▶ MATERIAL PROVIDED:
--- START ---

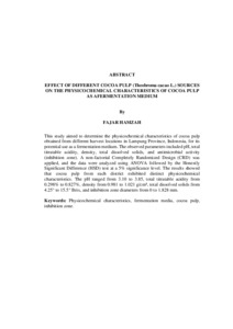 FAJAR , HAMZAH (2025) PENGARUH ASAL PULPA KAKAO (Theobroma cacao L.) BERBEDA TERHADAP KARAKTERISTIK FISIKOKIMIA PULPA KAKAO SEBAGAI MEDIA FERMENTASI. FAKULTAS PERTANIAN, UNIVERSITAS LAMPUNG.
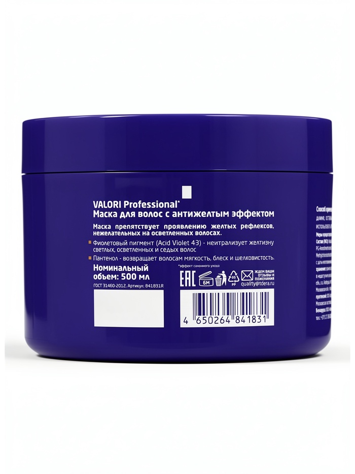 Маска для светлых и седых волос Valori Professional, антижёлтая, 500 мл
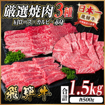 岐阜県羽島市 飛騨牛 厳選焼肉3種(肩ロース・カルビ・赤身)1.5kg(各500g)【配送不可地域:離島】【1668600】 36,000円 出典:楽天ふるさと納税
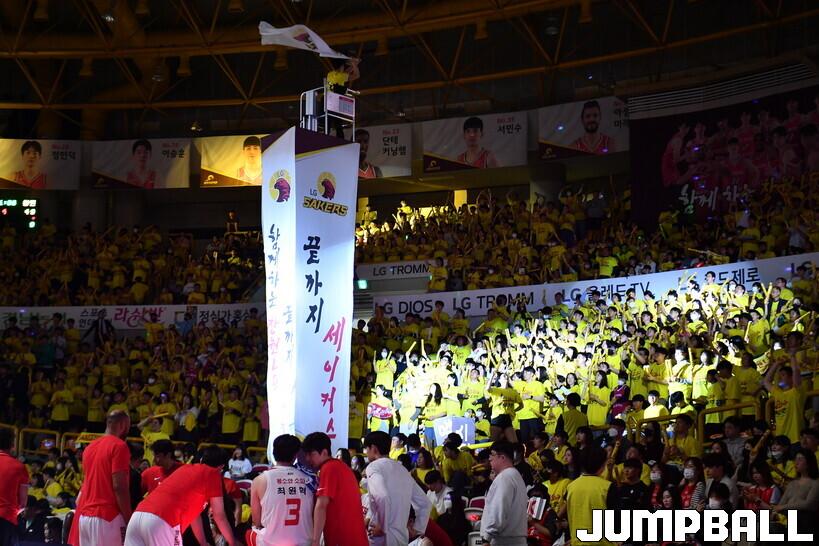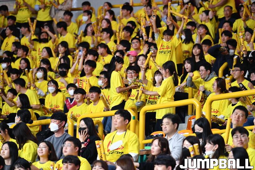 1차전, 2차전이 열렸던 창원체육관은 노란 물결이 일었다. 1차전은 4275명의 관중이 찾아와 시즌 홈 경기 최다 관중 기록을 경신했다. 2차전은 이보다 더 많았다. 4820명이 경기장을 찾았다. 4시즌 만에 찾아온 봄 농구에 팬들이 얼마나 격하게 환호하는지 알 수 있는 부분이었다.

--- END ---

▶ WHAT NEEDS TO BE DONE:
Please restate the whole listing exactly, without any of its pictures.

▶ TASK SOLUTION:
 FAJAR , HAMZAH (2025) PENGARUH ASAL PULPA KAKAO (Theobroma cacao L.) BERBEDA TERHADAP KARAKTERISTIK FISIKOKIMIA PULPA KAKAO SEBAGAI MEDIA FERMENTASI. FAKULTAS PERTANIAN, UNIVERSITAS LAMPUNG.
 Маска для светлых и седых волос Valori Professional, антижёлтая, 500 мл
 岐阜県羽島市 飛騨牛 厳選焼肉3種(肩ロース・カルビ・赤身)1.5kg(各500g)【配送不可地域:離島】【1668600】 36,000円 出典:楽天ふるさと納税
 1차전, 2차전이 열렸던 창원체육관은 노란 물결이 일었다. 1차전은 4275명의 관중이 찾아와 시즌 홈 경기 최다 관중 기록을 경신했다. 2차전은 이보다 더 많았다. 4820명이 경기장을 찾았다. 4시즌 만에 찾아온 봄 농구에 팬들이 얼마나 격하게 환호하는지 알 수 있는 부분이었다.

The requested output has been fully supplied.